# Supplied data

╔══

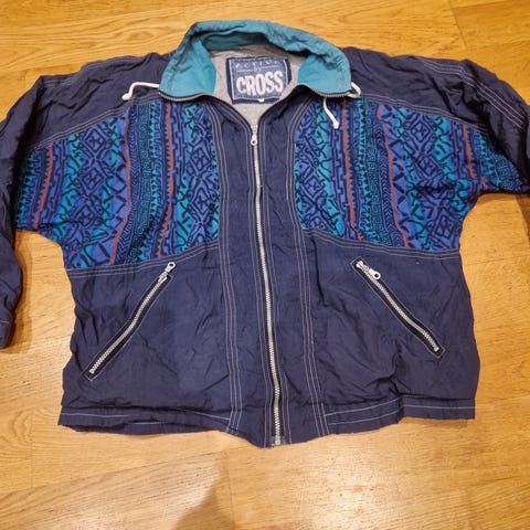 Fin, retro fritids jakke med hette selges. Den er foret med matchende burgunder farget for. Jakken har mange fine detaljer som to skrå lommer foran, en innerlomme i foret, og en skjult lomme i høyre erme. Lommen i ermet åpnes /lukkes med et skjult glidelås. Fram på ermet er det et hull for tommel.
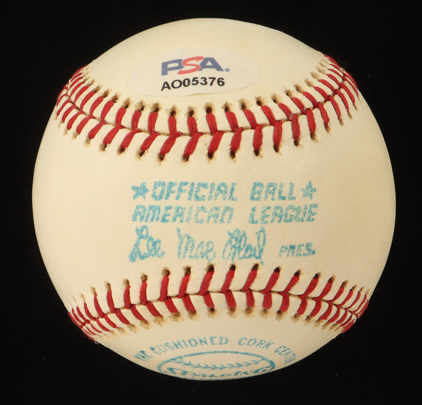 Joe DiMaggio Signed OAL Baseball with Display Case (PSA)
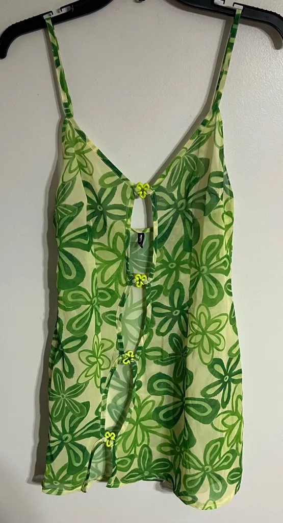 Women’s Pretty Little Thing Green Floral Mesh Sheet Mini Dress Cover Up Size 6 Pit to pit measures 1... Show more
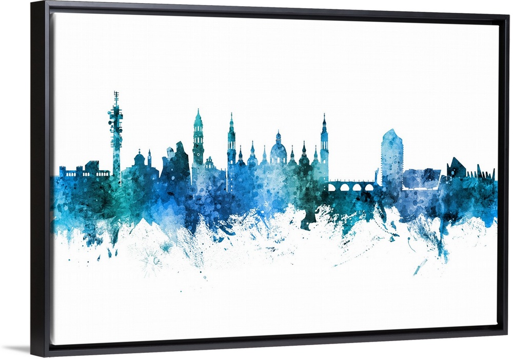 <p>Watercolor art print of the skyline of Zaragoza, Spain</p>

╚══
╔══

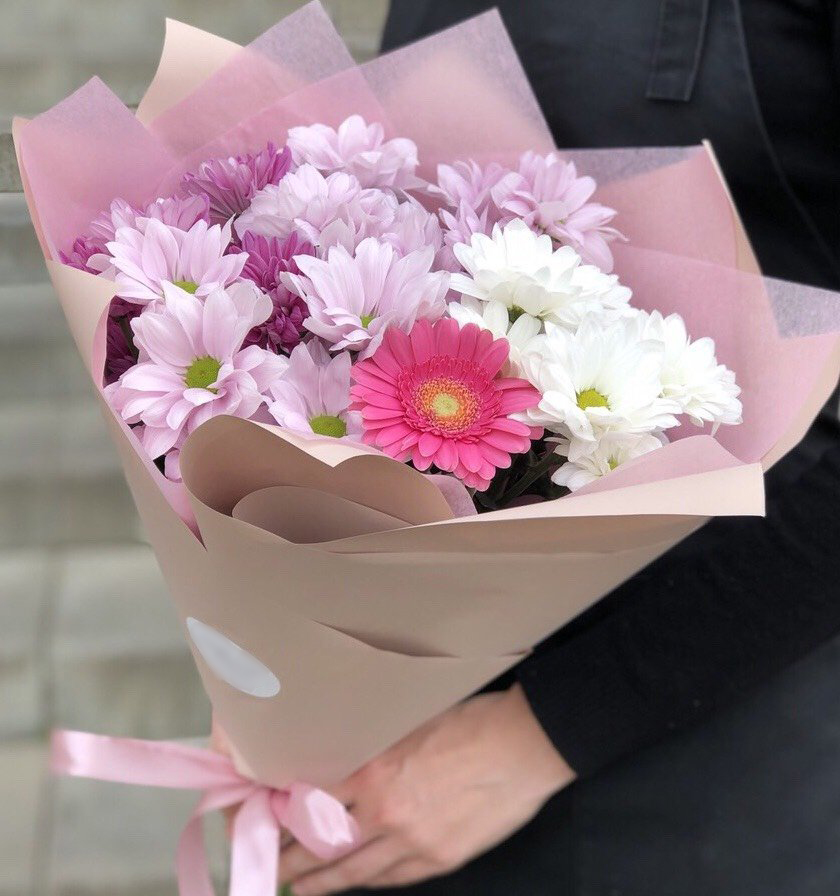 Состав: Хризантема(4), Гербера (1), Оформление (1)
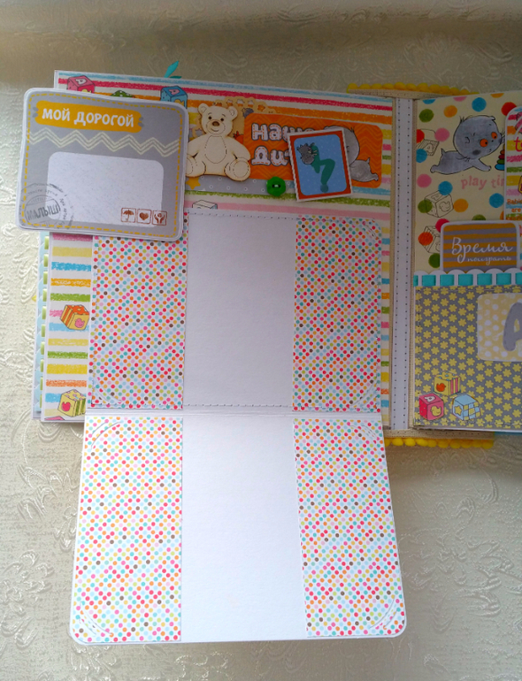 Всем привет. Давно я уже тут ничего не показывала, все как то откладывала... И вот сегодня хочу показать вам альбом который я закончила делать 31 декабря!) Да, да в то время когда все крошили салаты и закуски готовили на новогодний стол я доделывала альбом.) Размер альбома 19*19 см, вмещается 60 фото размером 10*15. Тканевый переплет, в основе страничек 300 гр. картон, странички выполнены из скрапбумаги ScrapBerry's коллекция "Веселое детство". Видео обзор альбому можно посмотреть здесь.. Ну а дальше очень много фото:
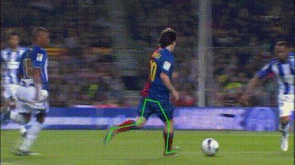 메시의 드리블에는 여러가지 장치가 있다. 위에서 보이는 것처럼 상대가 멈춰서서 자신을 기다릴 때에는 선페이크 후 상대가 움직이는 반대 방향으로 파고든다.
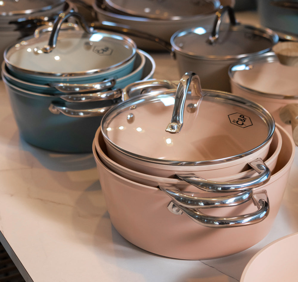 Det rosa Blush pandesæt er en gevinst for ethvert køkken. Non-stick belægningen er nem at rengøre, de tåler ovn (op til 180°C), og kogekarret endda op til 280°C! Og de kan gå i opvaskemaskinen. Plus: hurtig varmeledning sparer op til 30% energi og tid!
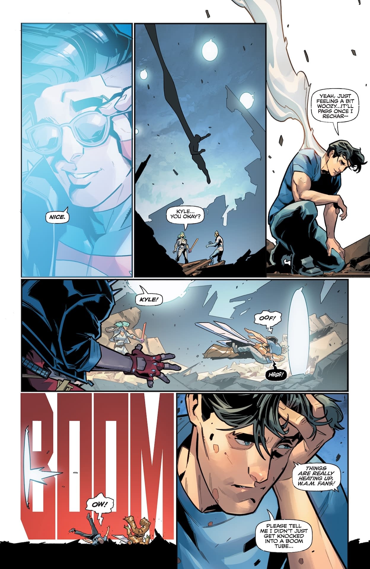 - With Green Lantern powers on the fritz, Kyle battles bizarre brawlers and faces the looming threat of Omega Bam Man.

╚══

# Work to be completed
Your answer should be the exact lines above from the one containing "Fin, retro fritids" through the one containing "<p>Watercolor art print", with both end lines kept and the pictures removed, please.

# Exercise output
 Fin, retro fritids jakke med hette selges. Den er foret med matchende burgunder farget for. Jakken har mange fine detaljer som to skrå lommer foran, en innerlomme i foret, og en skjult lomme i høyre erme. Lommen i ermet åpnes /lukkes med et skjult glidelås. Fram på ermet er det et hull for tommel.
 Joe DiMaggio Signed OAL Baseball with Display Case (PSA)
 Women’s Pretty Little Thing Green Floral Mesh Sheet Mini Dress Cover Up Size 6 Pit to pit measures 1... Show more
 <p>Watercolor art print of the skyline of Zaragoza, Spain</p>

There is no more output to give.